Municipals Posted Negative Returns
Municipals posted negative returns last week amid continued rate volatility. Municipal performance versus Treasuries was mixed across the curve, as ratios remained steady. High-grade municipal yields moved 11-18 bps across the curve as market technicals weakened amid increasing fund outflows and supply conditions. The Bloomberg Municipal Index returned -0.69% while the HY Muni Index returned -1.19%. This week, we highlight second-quarter state and local tax revenue collections.
Technicals Remain Challenged Amid Ongoing Mutual Fund Outflows
Fund Flows: During the week ending September 14, weekly reporting municipal mutual funds recorded $1.4 billion of net outflows, according to Lipper. Long-term funds recorded $594 million of outflows, high-yield funds recorded $267 million of outflows and intermediate funds recorded $312 million of outflows. The week’s outflows mark the sixth consecutive week of outflows and extend year-to-date (YTD) outflows to $86 billion.

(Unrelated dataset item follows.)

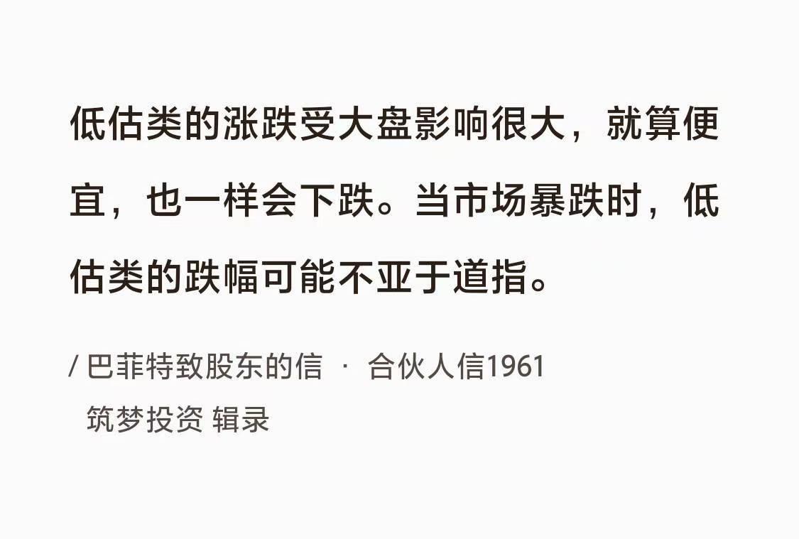 巴菲特曰:“低估类的涨跌受大盘影响很大,就算便宜,也一样会下跌。当市场暴跌时,低估类的跌幅可能不亚于道指。”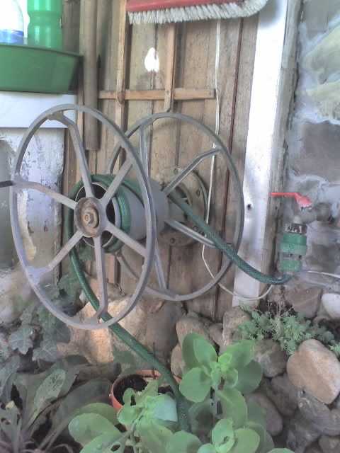 Jedan od načina je da se stara felna ili felga pričvrsti na zid i na nju namorta crevo za zalivanje.

Supply: The muni market recorded $8.9 billion of new-issue volume, up 32% from the prior week. Total YTD issuance of $285 billion is 9% lower than last year’s levels, with tax-exempt issuance trending 2% higher year-over-year (YoY) and taxable issuance trending 44% lower YoY. This week’s new-issue calendar is expected to decline to $2 billion. Larger deals include $549 million San Diego Unified School District and $120 million Louisville And Jefferson County Water and Sewer transactions.
This Week in Munis: Second-Quarter Revenues Remain Resilient
Earlier this month, the Census released state and local tax revenue collections for the second quarter of 2022. Second-quarter state and local tax collections continue to highlight strong YoY growth, up 11% from the prior year to $532 billion. Individual income tax collections increased 12% to $203 billion, corporate income tax collections increased 29% to $55 billion, property tax collections increased 6% YoY to $124 billion and sales tax collections increased 7% to $150 billion.

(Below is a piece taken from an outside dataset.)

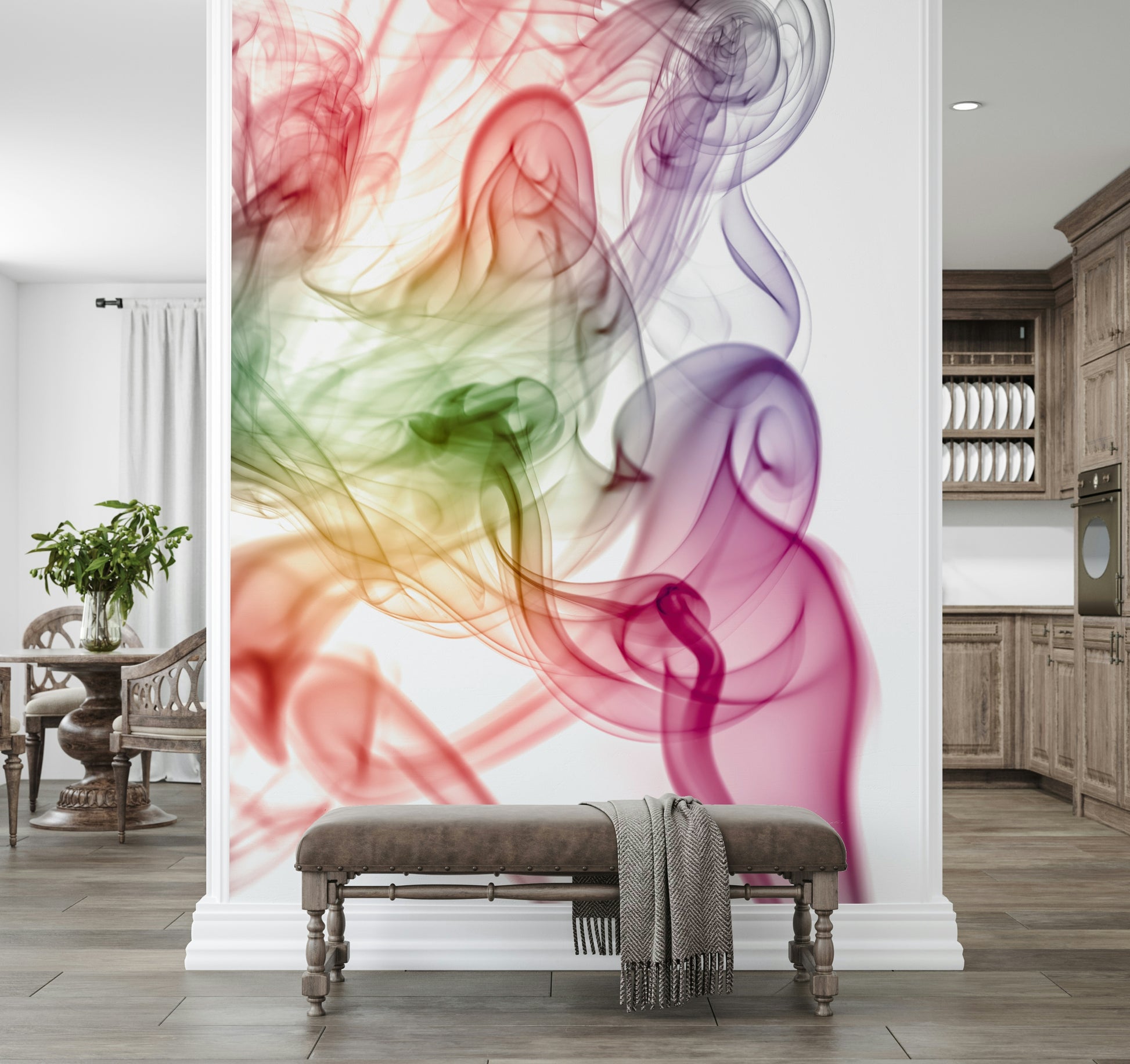 Colorful Smoke Art on white background. Embrace the ethereal beauty of Smoke Art, a stunning addition to any space seeking a touch of modern artistry. This evocative piece captures the fleeting elegance of smoke, transforming ephemeral wisps into a vibrant and captivating display. Swirls of color dance across the expanse, blending seamlessly from fiery reds and oranges to cool greens and tranquil blues, creating a harmonious symphony of light and shadow. The artwork evokes a sense of movement, fluidity, and the ever-changing nature of beauty itself. Let the mesmerizing patterns of Smoke Art infuse your walls with a sense of mystery and wonder, transforming any room into a gallery of abstract expression. This captivating creation promises to spark conversation and ignite the imagination, adding a sophisticated and contemporary flair to your home.

2Q22 tax collection data also reflects the end of fiscal-year 2022 for many municipalities, and trailing 12-month collections were consistent with the YoY growth trends we’ve observed in the second quarter. 12-month trailing total state and local tax collections increased 10% from the 12 months through June 2021 to $2.0 trillion. Within this figure, trailing 12-month individual income tax collections increased 9% to $611 billion, corporate income tax collections increased 41% to $144 billion and sales tax collections increased 12% to $534 billion.

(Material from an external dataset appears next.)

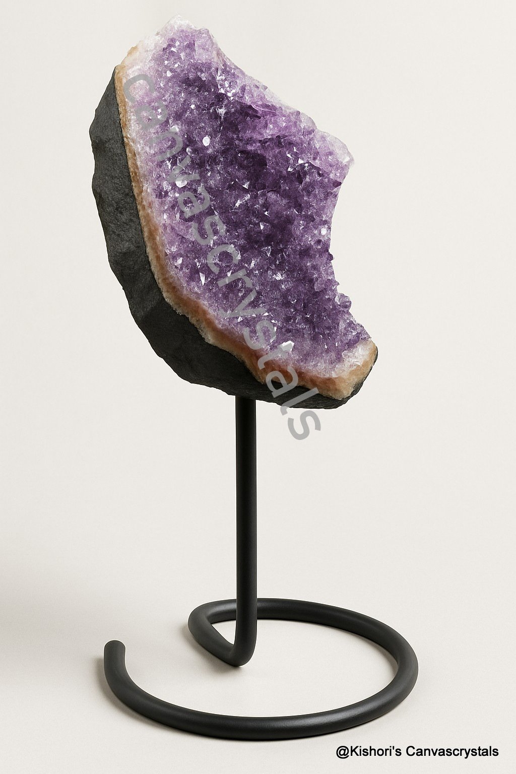 Elevate your space with the timeless elegance of Natural Amethyst Raw Clusters from Canvas Gemstone. Each cluster is a one-of-a-kind masterpiece, showcasing shimmering violet points in their natural form, beautifully displayed on a sleek black stand. • Size Options :

At the state level, total tax collections increased 11% from 2Q21 to $449 billion in 2Q22. The largest components of state tax collections, individual income tax collections (42% of total state collections) and sales tax receipts (27% of total tax collections), were 12% and 26% higher YoY, respectively. Inflationary pressures have contributed to strong YoY growth in 12-month trailing sales tax receipts. Hawaii (+29%), South Carolina (+29%), North Dakota (+28%) and Florida (+27%) observed particularly high growth rates in sales taxes. Florida was a particular beneficiary of this growth considering the lack of state income tax, and higher reliance on sales tax revenues.

While a tight labor market, strong consumer and recent inflation have all supported muni income and sales tax collections, we remain cautious on the potential for revenues to slow, considering inflationary and interest-rate headwinds that could challenge overall economic growth. Despite the recent market volatility observed this year, relatively tight credit spreads continue to indicate that the fundamental revenue improvement has been largely priced into market valuations. Western Asset believes muni investors are better compensated on a risk-adjusted basis in higher-quality securities, and that incremental value can be better exploited in structural factors.